■ **Prompt**
Below are the records; give again exactly the lines from the one containing "El documento describe" through the one containing "Pre-Owned Peter Millar", leaving out pictures.

■ **The input**

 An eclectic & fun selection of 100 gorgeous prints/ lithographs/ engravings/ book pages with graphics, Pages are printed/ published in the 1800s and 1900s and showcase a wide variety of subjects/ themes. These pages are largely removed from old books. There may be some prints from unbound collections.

--

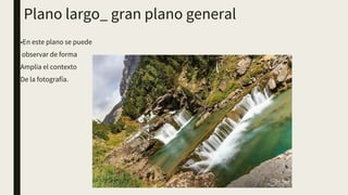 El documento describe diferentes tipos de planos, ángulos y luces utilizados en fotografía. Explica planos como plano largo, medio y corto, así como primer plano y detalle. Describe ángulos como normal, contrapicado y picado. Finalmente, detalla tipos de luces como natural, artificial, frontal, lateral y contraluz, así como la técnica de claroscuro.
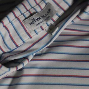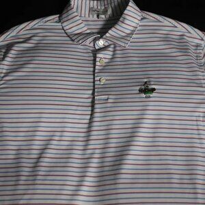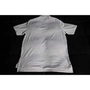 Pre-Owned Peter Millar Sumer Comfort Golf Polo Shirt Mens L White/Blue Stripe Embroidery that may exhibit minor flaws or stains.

■ **Exercise solution**
 El documento describe diferentes tipos de planos, ángulos y luces utilizados en fotografía. Explica planos como plano largo, medio y corto, así como primer plano y detalle. Describe ángulos como normal, contrapicado y picado. Finalmente, detalla tipos de luces como natural, artificial, frontal, lateral y contraluz, así como la técnica de claroscuro.
 Pre-Owned Peter Millar Sumer Comfort Golf Polo Shirt Mens L White/Blue Stripe Embroidery that may exhibit minor flaws or stains.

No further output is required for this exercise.